Gene Editing with Crispr-Cas9 for Treating Beta-Hemoglobinopathies

CRISPR/Cas9 systems provide a powerful tool for precision genome editing due to their highly efficient targeting of specific DNA sequences in a genome. We have designed CRISPR single-guide RNAs (sgRNAs) containing the guide and tracr RNAs to selectively edit the human globin locus for potential therapeutic benefit in treating sickle cell anemia and beta-thalassemia.  Multiple sgRNAs have been identified and tested across key sites in the human globin locus, and the gene modification frequencies quantified in 293T, K562 and CD34⁺ hematopoietic progenitor cells.

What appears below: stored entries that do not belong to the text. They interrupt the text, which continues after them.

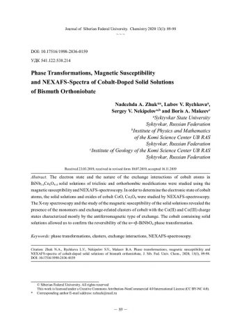 Библиографическое описание:Фазовые превращения, магнитная восприимчивость и NEXAFS-спектры кобальтсодержащих твердых растворов ортониобата висмута = Phase transformations, magnetic susceptibility and nexafs-spectra of cobalt-doped solid solutions of bismuth orthoniobate / Н. А. Жук, Л. В. Рычкова, С. В. Некипелов, Б. А. Макеев. - Текст : непосредственный // Журнал Сибирского федерального университета. Химия. - 2020. - Т. 13, № 1. - С. 89-98 : ил. - Библиогр.: с. 97-98 (24 назв.). - ISSN 1998-2836.
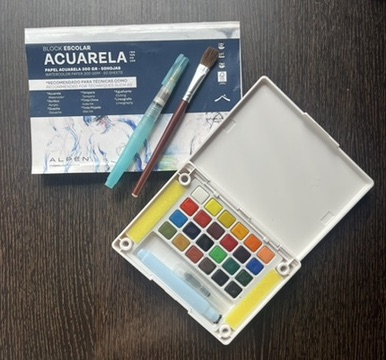 かなり前に日本の画材屋で買ったターレンス社のプチカラー24色固形透明水彩絵の具と筆ペンを、引き出しの奥のからひっぱりだした。紙は、どれにしたら良いかわからなかったので、メデジンの画材屋でいくつか見つけた。あまり高くない、ALPEN社の水彩用ブロック画用紙(140X215mm, 300g, 50枚)にした。とりあえず、練習するには必要最低限度の道具が揃ったので、9月から描きはじめることにした。
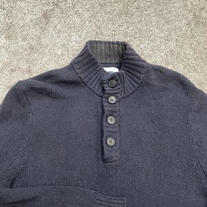 Old Navy 1/4 Button Up Pullover Sweater Mens Medium Navy Blue Wool Blend Mock

The nuclease cutting efficiency was determined by the rate of insertions, deletions or mutations (indels) from NHEJ-directed repair. The indel rates for these sgRNAs ranged from <1% to ~70%. We found that there was only a weak correlation between indel rates and deletion frequencies, and the gene modification efficiency varied between cell lines/cell types. Although bioinformatics tools are available for sgRNA design, determining the optimal sgRNAs is still largely empiric and system-dependent, thus better bioinformatics tools are needed. Our results demonstrate that, with careful design and optimization of sgRNAs, efficient genome editing can be achieved with high specificity, which promises effective treatment of beta-hemoglobinopathies.